Orders, Boom

Orders Boom and CEO Vote of Confidence Can't Lift Renk from 52-Week Low

12.05.2026 - 09:04:54 | boerse-global.de

Renk stock plunges 48% from peak amid defence sector selloff on peace talk fears, but record €6.9bn orders and strong 2026 guidance signal underlying growth.

Orders Boom and CEO Vote of Confidence Can't Lift Renk from 52-Week Low - Foto: über boerse-global.de
Orders Boom and CEO Vote of Confidence Can't Lift Renk from 52-Week Low - Foto: über boerse-global.de

The defence industry's usual tailwinds have abruptly reversed direction for Renk. Its shares tumbled to €46.17 on Monday – a fresh 52-week trough that leaves the stock 48% below its October 2025 high of €88.73. The selloff was no isolated event: Rheinmetall plunged more than 11% on the same day, while Hensoldt and TKMS also suffered heavy losses. Bernstein Research triggered the rout by warning that peace negotiations around the Ukraine conflict could deflate a key valuation driver, and doubts have resurfaced about whether Germany's special defence fund will be fully deployed. Many institutional investors have rotated into defensive equities and commodity stocks, leaving the sector exposed.

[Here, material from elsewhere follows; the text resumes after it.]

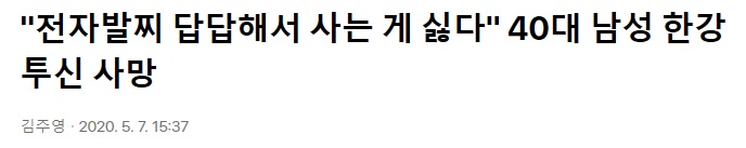 https://v.daum.net/v/jOc8uF1b3k “A씨는 출소 후 지인들과 종종 모임을 갖는 등 비교적 안정적인 심리상태를 보여왔다”며 “최근 들어 신종 코로나바이러스 감염증(코로나19) 사태로 생계가 어려워지면서 우울감이 심해져 극단적 선택을 한 것으로 보인다” | 26.02.01 12:03 | | |

Yet Renk’s operational scorecard tells an altogether different story. The order book has swollen to a record €6.9 billion, underpinned by a first quarter that saw new orders of €582 million – 6% more than a year earlier. The book-to-bill ratio hit 2.1, meaning the company is pulling in more than twice the business it is currently delivering. For a supplier with long project cycles, that visibility is unusually high. The strongest demand came from the military side: a Bundeswehr order for 188 gearboxes for the Puma infantry fighting vehicle, international main battle tank contracts worth around €157 million, and a US Army order for €49 million.

The financials for 2025 underscore the momentum. Revenue climbed roughly 20% to €1.37 billion, while order intake reached a record €1.57 billion. In the first quarter of 2026, revenue grew 4% to €283.6 million, adjusted EBIT came in at €42.4 million (a margin of 15%), and earnings per share jumped from €0.01 to €0.15. Management is guiding for full-year revenue above €1.5 billion in 2026 and adjusted EBIT between €255 million and €285 million – a target that JPMorgan believes is within easy reach, given that more than 90% of planned sales are already covered by firm contracts. JPMorgan rates the stock "Overweight" with a €75 price target, well above the average analyst target of €72.50, which still implies upside of roughly 57% from current levels.

Should investors sell immediately? Or is it worth buying Renk?

In the middle of the market storm, Renk’s supervisory board moved to reinforce stability. It extended CEO Alexander Sagel’s contract early by five years, locking him in until March 2032. Sagel, who took the helm in February 2025, has positioned the company firmly as a "defence company" and is responsible for executing the growth strategy. Board chairman Claus von Hermann stressed that reliable supply to the Bundeswehr and NATO partners remains critical. Several investment banks – Deutsche Bank, Jefferies, Berenberg and JPMorgan – continue to recommend the shares as a "Buy" or "Overweight".

The annual general meeting scheduled for June 10, 2026 will be the next corporate milestone. It is set to be held virtually again, and shareholders will vote on a proposed domination and profit transfer agreement between Renk Group AG and Renk GmbH – a move designed to tighten group control. The board also wants to elect Dr. Klaus Richter, a former Airbus and Diehl executive, to the supervisory board with the intention that he will then become chairman. Current chairman Claus von Hermann will step down at the end of the meeting.

Technically, the stock looks severely oversold. The relative strength index stands at 83.5, and the shares have lost nearly 15% in just seven trading days. Whether the second-quarter results, due on August 6, 2026, can arrest the slide will likely depend on how the political debate around European defence budgets evolves in the meantime. For now, Renk’s operational milestones and management continuity are simply not enough to outweigh the market’s shifting priorities.